I’ve always thought that origami was pretty neat. I’ve seen people fold paper into those prophetic fortune telling contraptions, make beautiful swans out of napkins, construct geometric fish in just a few creases, and create those highly fashionable newspaper hats. However, to be perfectly honest, aside from the occasional paper airplane, I had never made an origami figure of my own.
Of course, when I was offered the opportunity to test the Alphapets Origami Book, I had to give it a try.
Full discretion–this is a children’s book, but since I had zero experience making paper pets, I decided to enlist a little help. Fortunately, my best friend’s daughter, Kaitlyn, volunteered to be my assistant.
Kaitlyn happens to live in my hometown, which is quite a ways away from Brooklyn. Since this book is small and lightweight, it seemed like a great small gift to bring along on the plane. I thought it would be a fun activity for us to do together while I was visiting, and I was sure Kaitlyn would like playing with the cute animals when we were finished building them.
Alphapets is a fun introduction to origami for kids and adults alike.
After giving it a read through, we took a look at the instructions page. I liked how the book included images of each of the completed animals. The images helped get Kaitlyn excited to start making origami!
We punched out the letters we wanted to use, then we flipped back to the instructions page to make sure we knew how to fold each letter. The instructions are detailed, so you know just where and how to fold each line.

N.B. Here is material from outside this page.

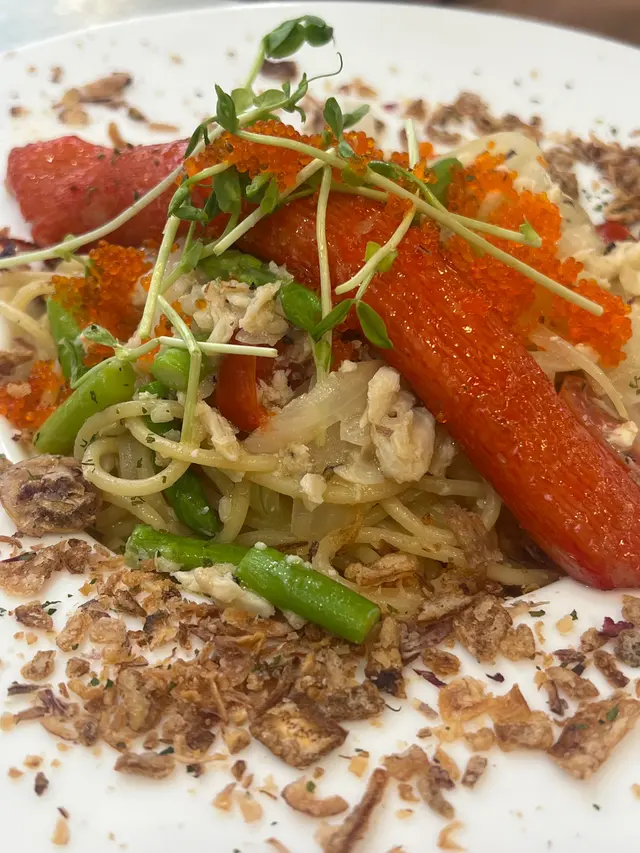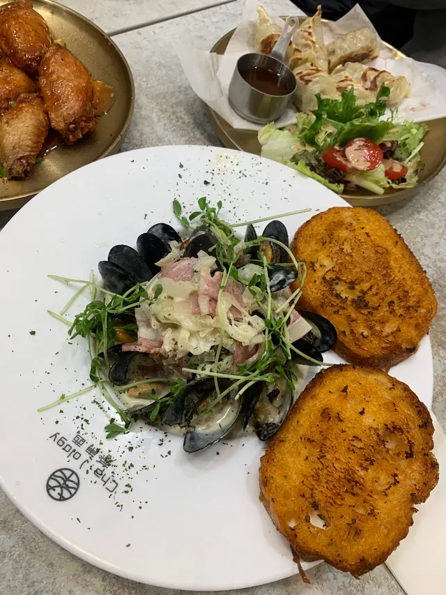 喜歡偏西餐的餐廳又帶點日式料理的菜,這次兩種都想食的情況下見到有不錯的菜款,於是立馬入內點了美國板键牛肉火山烏冬,超大份牛肉每塊都大個手掌,牛肉爽又吸滿湯汁味,哪裏有魚板娃娃菜芽菜木耳粟米腐竹等材料,烏冬彈牙。然後是白酒煮青口會蒜香酸種包,超有香蒜味的煙韌麵包,索上白汁後有照口帶勁,白汁奶香味重,有洋蔥煙肉芽菜辣椒絲等配搭,賣相漂亮又好吃。再來是蟹黃醬帶子什菌意大利飯,邪惡首選,濃烈又大份的蟹黃醬配白汁意大利飯超配,加上帶子軟淋淋的,白汁有均勻地分佈在飯顆分明中。配上粟米湯,食到粒粒粟米蓉的清新小湯,平衡了口腔。再來是日式胡麻醬軟殼蟹沙律,無論是蔬菜抑或是一整隻炸軟殼蟹,都超級大份量足料,最後再食中華沙律以及健康的玫瑰花茶,完美地結束一餐豐富的晚餐。查看更多

Some of the letters were a little trickier to fold than others, but the markings printed on the underside of the paper really helped. It was also nice to be able to refer back to the images of the completed animals when needed.
Once we had converted K to Koala, A to to Alligator, and so forth, we gave each animal “eyes” using the included stickers. Kaitlyn was proud to show off her name in animal art!
Our paper folding project was a success! Although Kaitlyn was a little too young to fold all of the animals herself (she is 4 1/2, the recommended age is 6+), she had fun folding the simpler designs and she loved playing with the completed critters.
Alphapets is an easy project to bring along on vacation or slip into your bag to keep kids busy on the go. It’s a fun, educational activity for kids, and adults looking for an introduction to origami will enjoy it, too!